OMG Tanks Over 25% as Exchanges See Record Inflows After BOBA Airdrop Snapshot
Centralized exchanges registered a net inflow of 5.7 million OMG tokens on Friday.
OMG, the native token of the OMG Network layer 2 scaling protocol for Ethereum offering faster and cheaper transactions, crashed on Friday.
The cryptocurrency fell 27% to $12.70 as exchange inflows spiked in what appeared to be a classic “sell the fact” reaction to Boba Network’s completion of a snapshot for an airdrop, or free BOBA coins, to OMG holders.
OMG hit its lowest price since Oct. 28, falling below the 50-day moving average (MA) support after 3 1/2 months, CoinDesk 20 data shows.
Blockchain data shows investors transferred coins to exchanges in large numbers early today, possibly to liquidate holdings.
Centralized exchanges registered a net inflow of 5.7 million OMG tokens on Friday – the largest influx on record.
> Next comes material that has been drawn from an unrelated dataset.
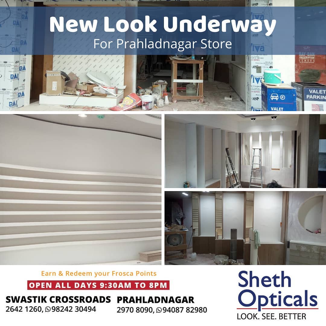 New Look Underway for Sheth Optical's #Prahladnagar store! We are undergoing this transition to welcome you in our newer look with wider product..
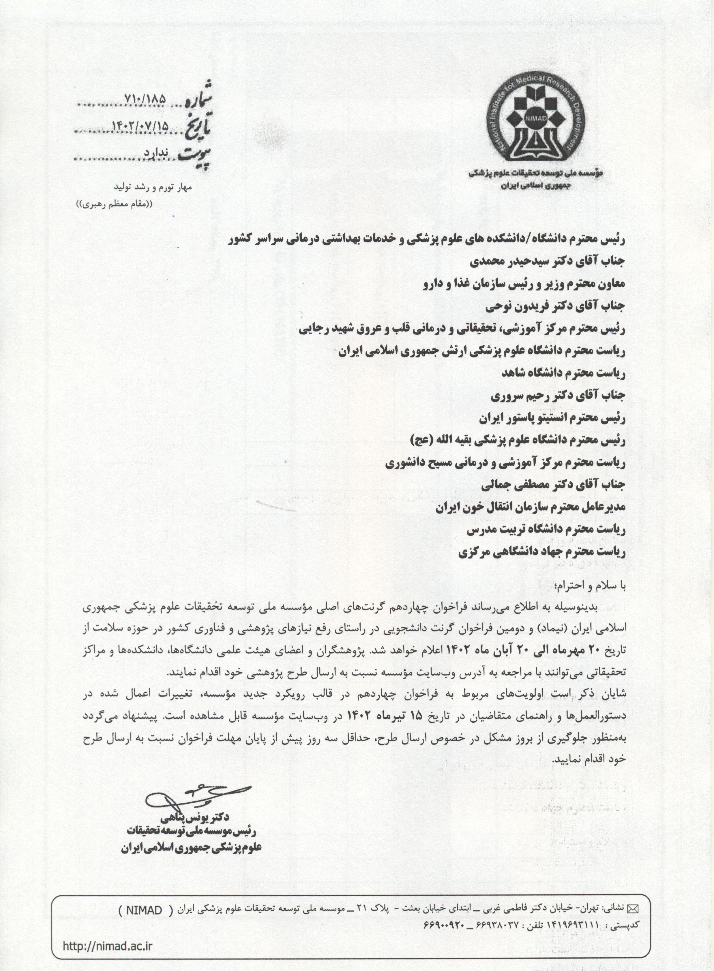 چهاردهم گرنت اصلي و دومين فراخوان گرنت دانشجويي- مهر ماه ١٤٠٢

Increased transfer of coins to exchanges represents investor intention to sell, while continued outflow is a sign of solid holding sentiment.
The price sell-off and exchange inflows picked up the pace during Asian trading hours after Boba Network, a new layer 2 product created by blockchain developer Enya in collaboration with OMG Network, announced a snapshot – a Polaroid record – of balances held by OMG holders on the Ethereum network and the Boba Network.
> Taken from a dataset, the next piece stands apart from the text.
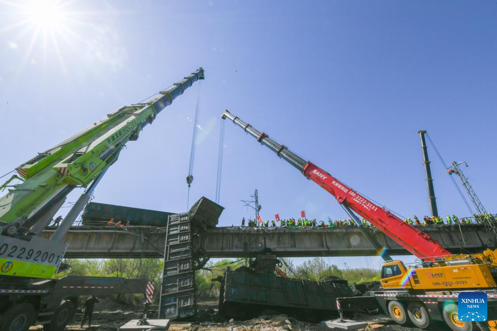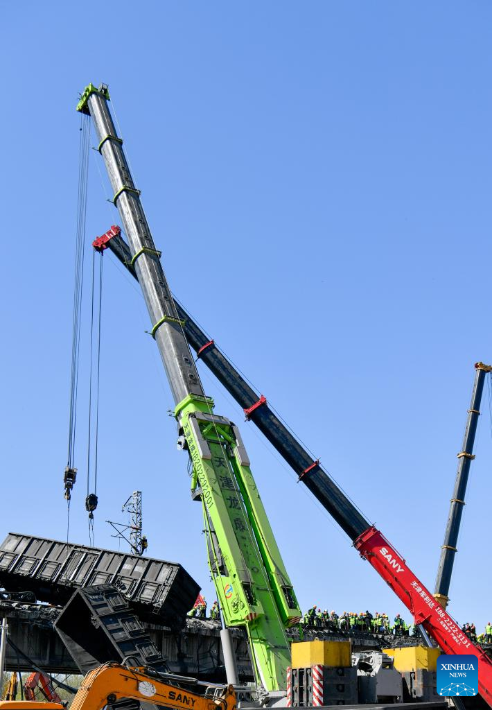 Cranes lift derailed train carriages at the site of a freight train accident in north China's Tianjin, April 15, 2022.

On Nov. 19, these recorded wallets will receive free BOBA governance tokens in proportion to their OMG holdings at the snapshot time.
The price drop comes after a strong rally that saw prices reach a three-year high of $20 earlier this month. The cryptocurrency picked up a bid near $6 last month as the lure of making free money from the impending Boba Network airdrop drew demand. OMG also benefited from the broad-based rally in coins associated with Ethereum layer 2 projects and Ethereum alternatives like Solana and Polkadot.
The uptick in the lead-up to the airdrop snapshot and the subsequent sell-off is related to the “buy the rumor, sell the fact” trade often observed in stock markets and recently seen in bitcoin. The concept is based on the belief that market participants, being forward-looking, tend to buy an asset when expecting positive developments and take profit, driving the market lower on confirmation of the news.